◆ GOAL OF THE EXERCISE
Return exactly the lines of the records below, starting at the line that contains "by Rosa Clará." and ending at the line that contains "CasoniM/LMedia - Vanoli", with both of those lines kept.

(DATASET CONTENT begins)

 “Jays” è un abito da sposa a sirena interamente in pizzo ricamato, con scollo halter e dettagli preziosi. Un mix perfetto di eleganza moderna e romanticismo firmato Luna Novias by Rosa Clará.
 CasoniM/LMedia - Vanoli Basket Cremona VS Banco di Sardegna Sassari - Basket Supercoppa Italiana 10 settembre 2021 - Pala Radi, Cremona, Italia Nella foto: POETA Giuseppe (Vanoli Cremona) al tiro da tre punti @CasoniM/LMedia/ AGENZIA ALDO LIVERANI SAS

(DATASET CONTENT ends)
(DATASET CONTENT begins)

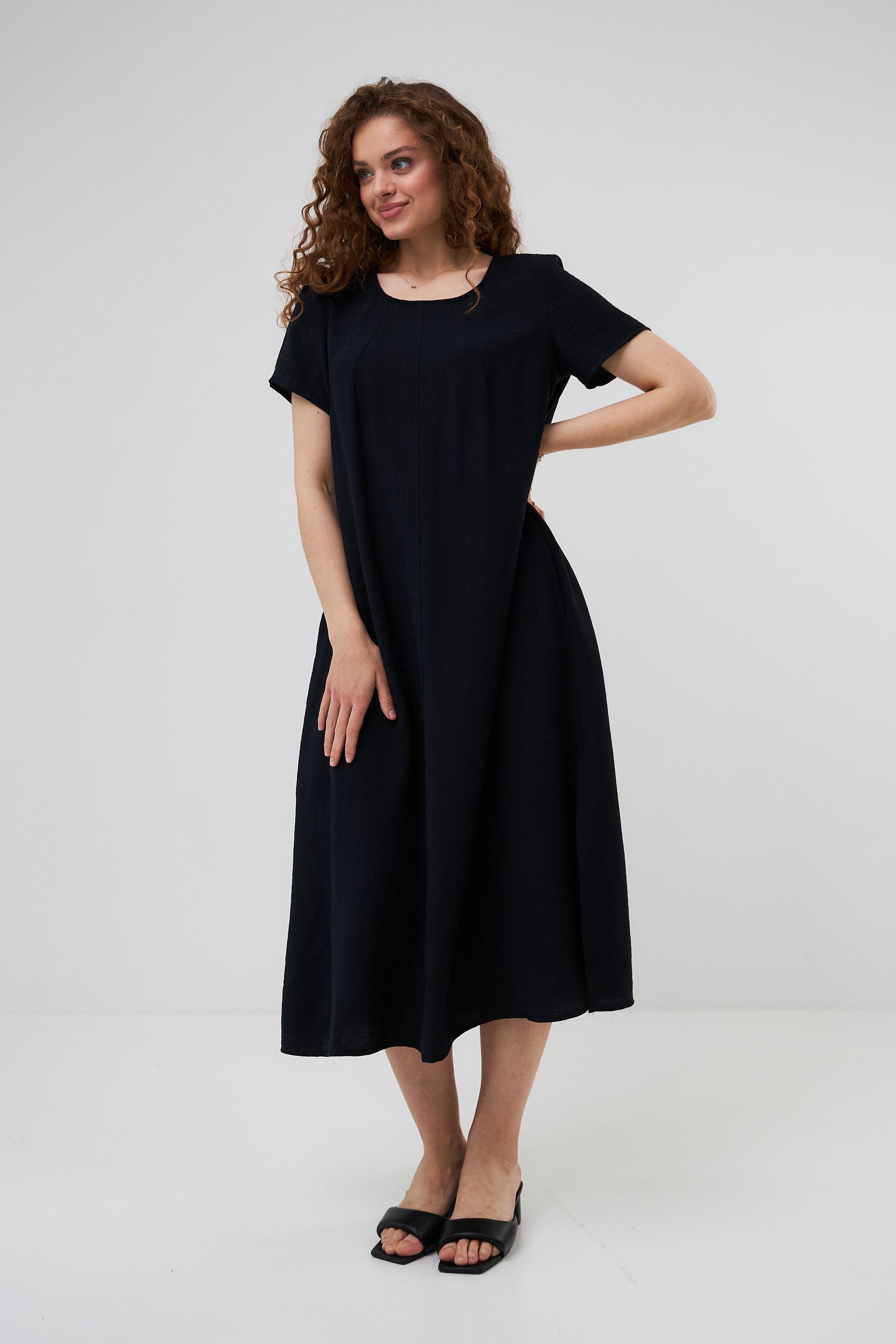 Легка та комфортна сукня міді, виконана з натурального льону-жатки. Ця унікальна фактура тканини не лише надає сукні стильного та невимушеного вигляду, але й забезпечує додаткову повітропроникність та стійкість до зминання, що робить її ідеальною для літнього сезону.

(DATASET CONTENT ends)
(DATASET CONTENT begins)

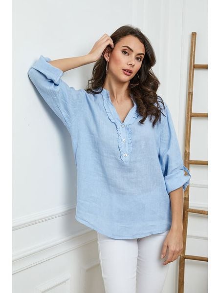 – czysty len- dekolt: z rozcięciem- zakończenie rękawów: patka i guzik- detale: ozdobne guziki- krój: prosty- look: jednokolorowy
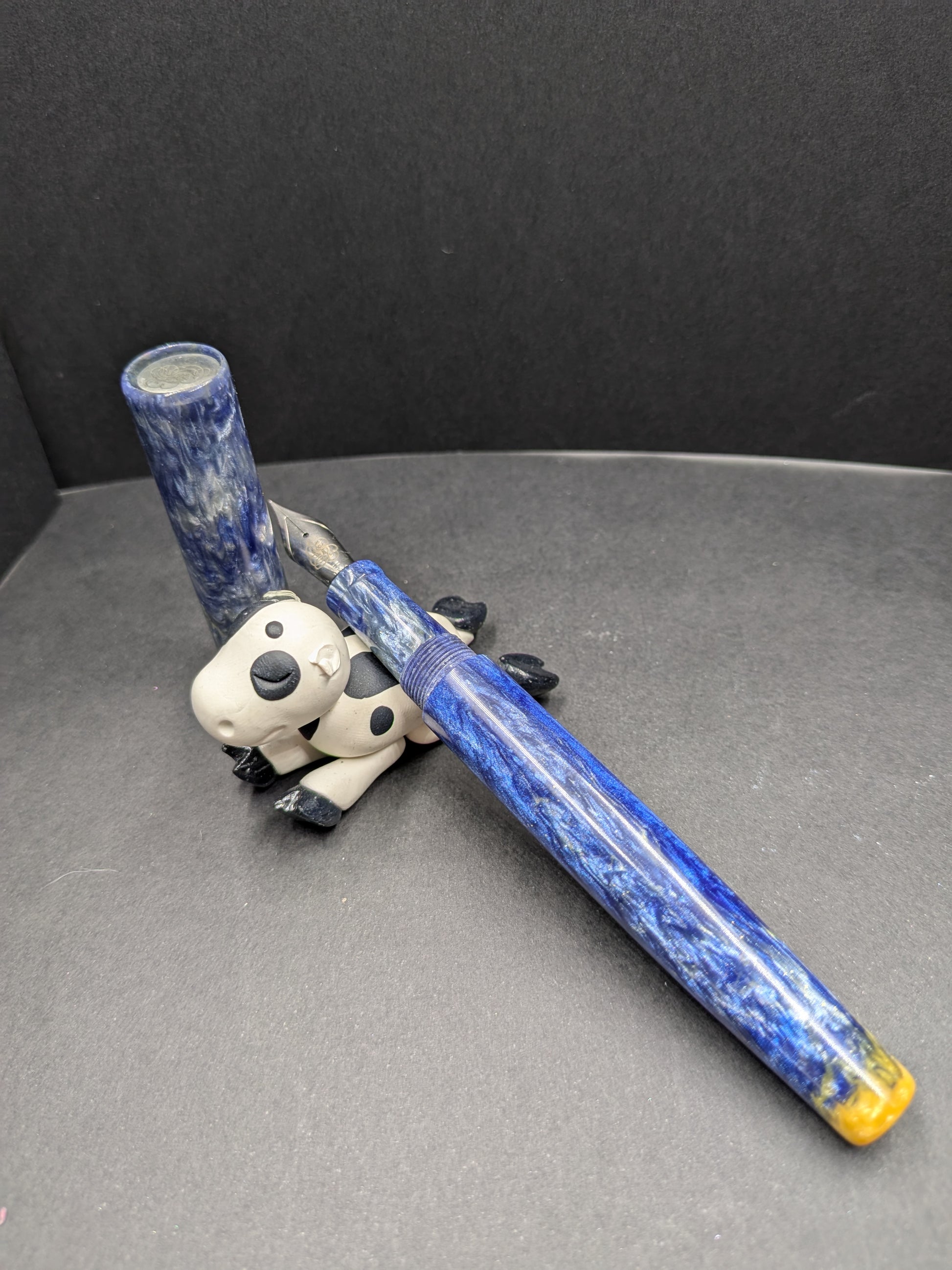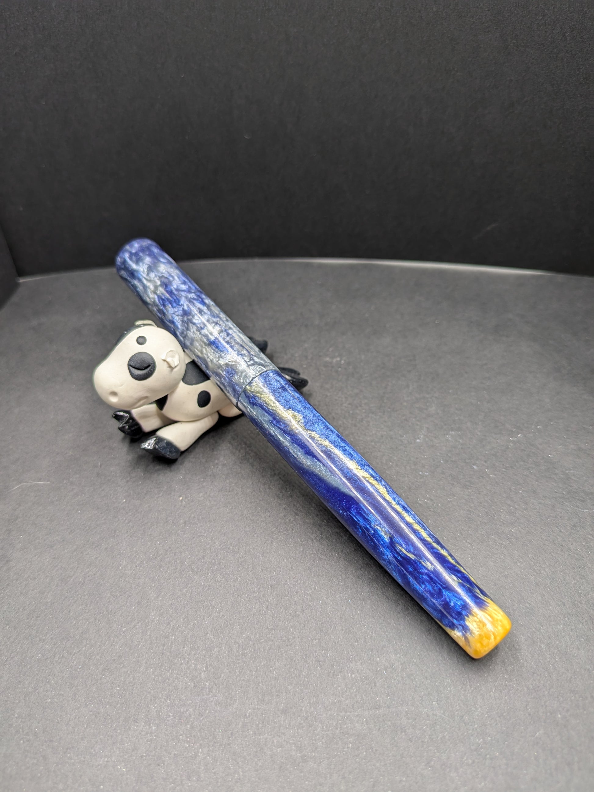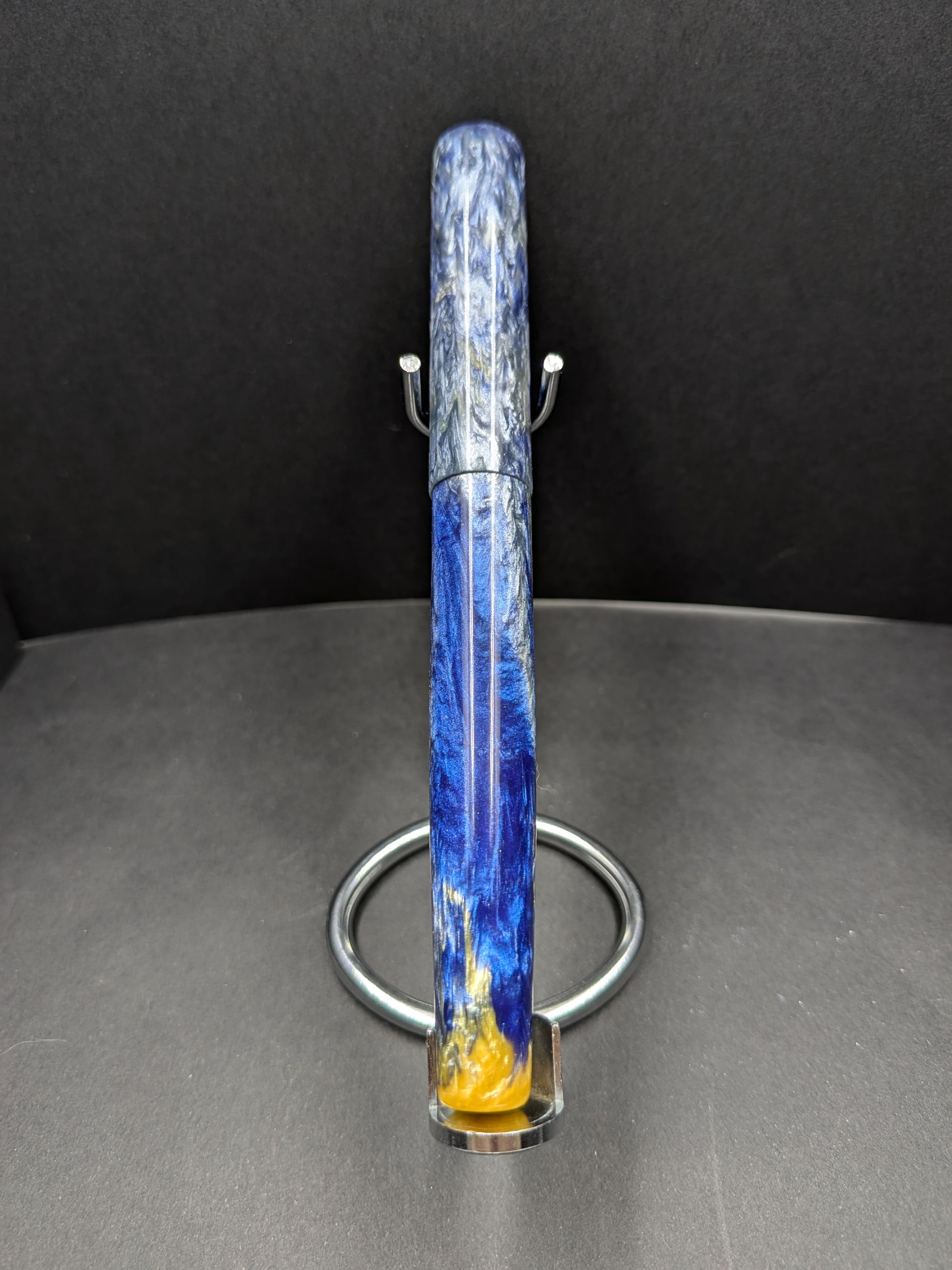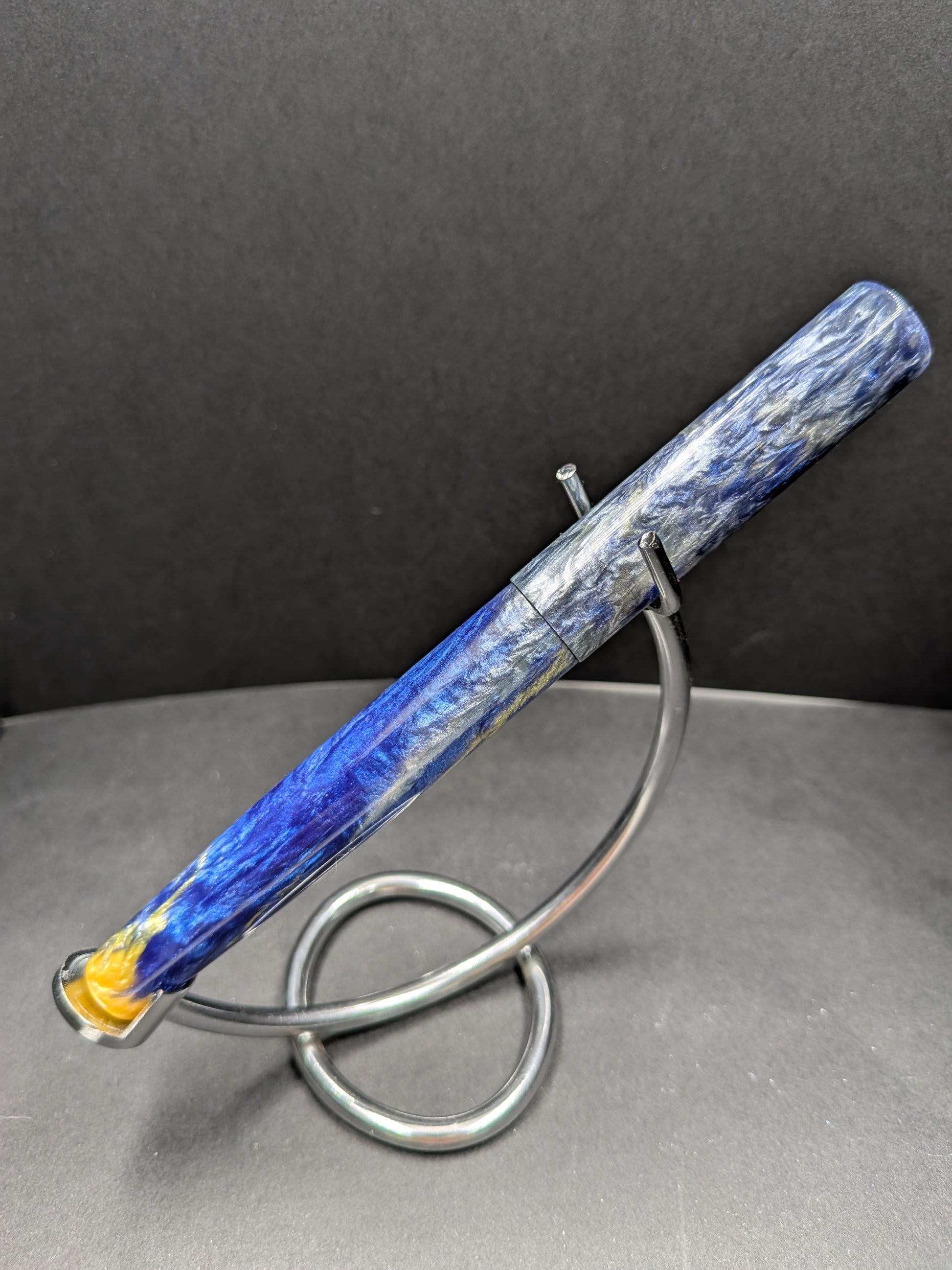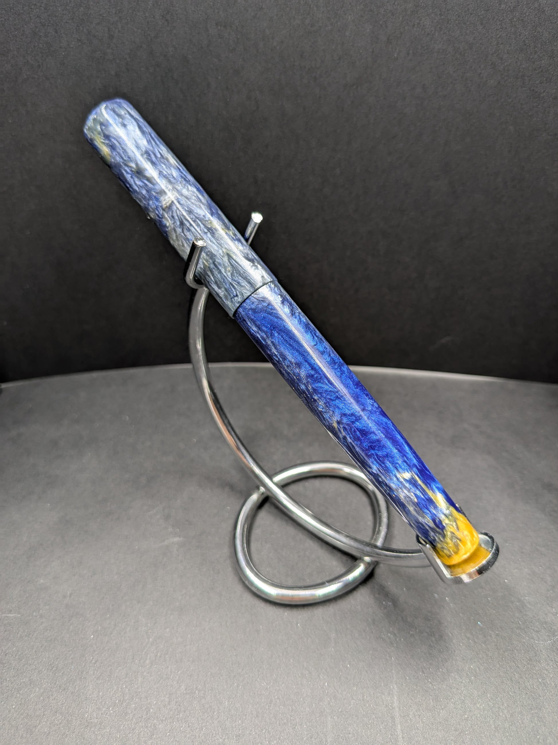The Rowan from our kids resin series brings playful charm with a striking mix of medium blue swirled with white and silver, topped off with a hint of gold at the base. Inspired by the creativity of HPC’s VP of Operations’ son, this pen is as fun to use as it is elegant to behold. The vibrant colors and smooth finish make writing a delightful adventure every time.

(DATASET CONTENT ends)

◆ RESULT OF THE EXERCISE
 “Jays” è un abito da sposa a sirena interamente in pizzo ricamato, con scollo halter e dettagli preziosi. Un mix perfetto di eleganza moderna e romanticismo firmato Luna Novias by Rosa Clará.
 CasoniM/LMedia - Vanoli Basket Cremona VS Banco di Sardegna Sassari - Basket Supercoppa Italiana 10 settembre 2021 - Pala Radi, Cremona, Italia Nella foto: POETA Giuseppe (Vanoli Cremona) al tiro da tre punti @CasoniM/LMedia/ AGENZIA ALDO LIVERANI SAS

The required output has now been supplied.